◆ **Records shown**:
——————————

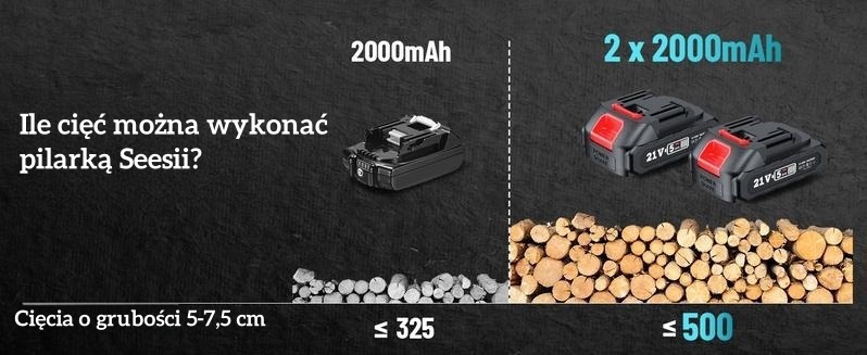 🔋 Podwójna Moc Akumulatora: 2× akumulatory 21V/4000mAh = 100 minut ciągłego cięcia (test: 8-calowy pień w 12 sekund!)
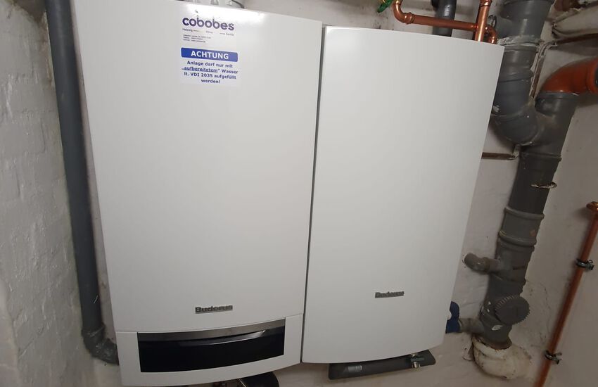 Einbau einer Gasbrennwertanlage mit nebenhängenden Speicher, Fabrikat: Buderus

——————————

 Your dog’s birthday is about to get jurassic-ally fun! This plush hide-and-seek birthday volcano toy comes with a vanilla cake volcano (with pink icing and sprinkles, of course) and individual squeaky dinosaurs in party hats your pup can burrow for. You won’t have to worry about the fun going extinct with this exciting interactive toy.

——————————

◆ **How to complete this task**: Return exactly the lines of the material above, starting at the line containing "w 12 sekund!)" and finishing at the line containing "Einbau einer Gasbrennwertanlage", without any pictures.

◆ **Solved problem**:
 🔋 Podwójna Moc Akumulatora: 2× akumulatory 21V/4000mAh = 100 minut ciągłego cięcia (test: 8-calowy pień w 12 sekund!)
 Einbau einer Gasbrennwertanlage mit nebenhängenden Speicher, Fabrikat: Buderus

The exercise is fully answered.